Saving on a regular basis can be hard, but if you treat this as an expense, you’ll have better success. As with any bill, you should make it nonnegotiable to pay into your savings account each month. Even just a little saved on a regular basis will make a difference. If you struggle with this strategy, consider an automatic deduction to a savings account to make it a no-brainer.
- Plan for the unexpected.
A budget is crucial, but we don’t always know what is in the future. To prepare for the unexpected, you need an emergency fund. This is different from a long-term savings account because you should expect to use this money at any time. By realistically developing a working budget and having a reasonable emergency fund, you will have the means to pay all your expenses and avoid debt.
- Set your goals.
Without goals, you will be unable to stay on track. Getting input from a good financial planner can help you see how much you need to save for retirement. Paying off debt should always be your first goal in financial planning. You also need to identify what you want to spend your money on. If you love to travel, then your extra money after savings may go toward that. If you have significant expenses coming up, like college for your kids, or the purchase of a new home, then you should be clear about those goals. Whatever your goals are, identifying them, talking about them, and tracking them is crucial.

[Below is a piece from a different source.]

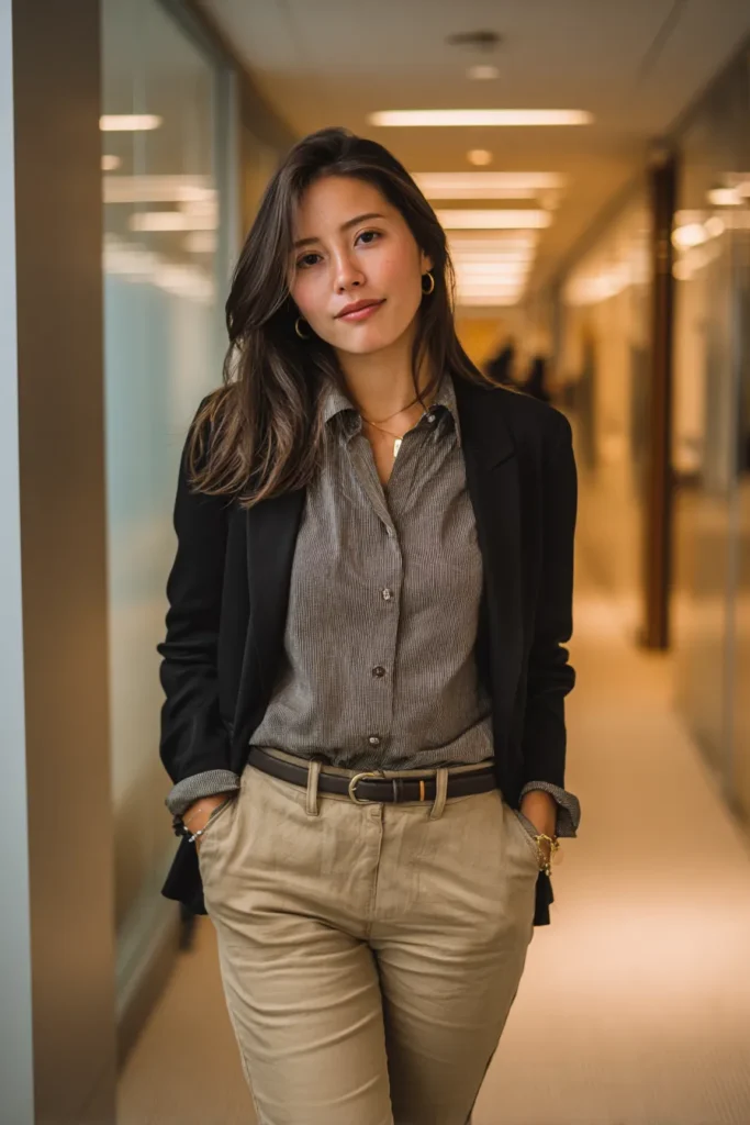 I love how wearable and confident this combination feels. The black blazer instantly sharpens the look while the striped shirt keeps it approachable. Khaki trousers give me that perfect middle ground between professional and relaxed which is exactly what I want on an interview day. The mix of tones feels balanced and intentional. It is the kind of outfit that lets me walk in with a calm steady energy while still looking completely put together.

- Don’t bet on what you hope happens.
Many people plan their financial present based on things they hope to happen in their financial future. But if those things don’t materialize, you can be in trouble, especially if you are accumulating debt now in anticipation of a change in your situation. Until you actually get that bonus, move to a cheaper city, inherit that money, or see the stock market move up, don’t spend that money. It is better to have it actually be a bonus and increase in funds than to have to deal with trying to come up with the money you’ll never see.